Getting a flagged result from a Siemens machine feels different. You get a data trail: 'Result X from Patient Y on Bed Z at Time T. Probability of contamination: 85%.' You can trace it. When our old system just screamed 'ERROR,' we had to guess. Guessing costs money.

Reconciling Efficiency with Safety: The Flow Cytometry Example

Let's look at a specific, less-sexy piece of tech: flow cytometry. It's a workhorse for diagnosis, especially for blood cancers and immune deficiencies. It's also a perfect example of the automation fallacy. The machines (like the ones from Siemens Healthineers) are incredibly efficient at processing samples. They run 24/7. That's great.

But the analysis? That's where the human is still king. A good flow cytometry tech doesn't just look at the graphs. They look at the sample. They see a weird debris pattern. They think, 'This patient's sample looks like it wasn't handled right in the ER.' The machine saw 'data.' The human saw a clue about a process failure upstream.
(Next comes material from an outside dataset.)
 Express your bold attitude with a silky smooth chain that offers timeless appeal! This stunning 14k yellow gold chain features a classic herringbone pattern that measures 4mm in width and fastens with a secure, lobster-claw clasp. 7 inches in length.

I've seen hospitals try to 'optimize' their lab by automating 100% of the flow cytometry analysis with AI. The results were disastrous—a 20% misclassification rate on borderline cases. They had to pull the plug after six months. The total cost of that wasted effort (equipment, software licenses, re-run costs) was enough to buy a new, better, human-augmented system.

How We Fixed Our Process (And What We Look For Now)
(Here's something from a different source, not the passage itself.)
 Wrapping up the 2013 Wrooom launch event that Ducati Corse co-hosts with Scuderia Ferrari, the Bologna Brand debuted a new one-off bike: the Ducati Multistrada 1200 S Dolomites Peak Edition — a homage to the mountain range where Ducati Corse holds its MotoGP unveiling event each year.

After the remote patient monitoring disaster in 2022, we developed a pre-check list for any 'intelligent' device purchase. I'm not a logistics expert, so I can't speak to carrier optimization. What I can tell you from a procurement perspective is how to evaluate vendor promises now.

  • The 'Exception' Test: I ask the vendor, 'Give me one scenario where your system will fail and you'd want a human to step in.' If they can't, I walk. Any system that claims to never fail is lying.
  • The Traceability Test: Every alert must have a foundation. A 'risk score' is useless. I need data (like from Siemens Healthineers) that says 'Based on Q3 2024 analysis of our data...' I need a source.
  • The Cost of Trust: The value of a reliable, auditable system (like a good diagnostics platform) isn't the speed—it's the certainty you can sleep at night knowing you didn't miss a five-figure error because a machine was too confident.

You might argue that I'm being a Luddite, that AI is getting better every day. That's true. AI for medical imaging is incredible. I'm not a radiologist, so I can't speak to pixel-level accuracy. But from a workflow perspective, I ask: 'Is this system designed to replace a decision, or augment an expert's ability to make a decision?'

The first is a cost center waiting to fail. The second is a real investment in efficiency. I'll take the second every time. Our checklist has caught 30+ potential errors in the past 18 months (as of January 2025, at least), saving us well over the cost of my time. That's the kind of efficiency I can bank on.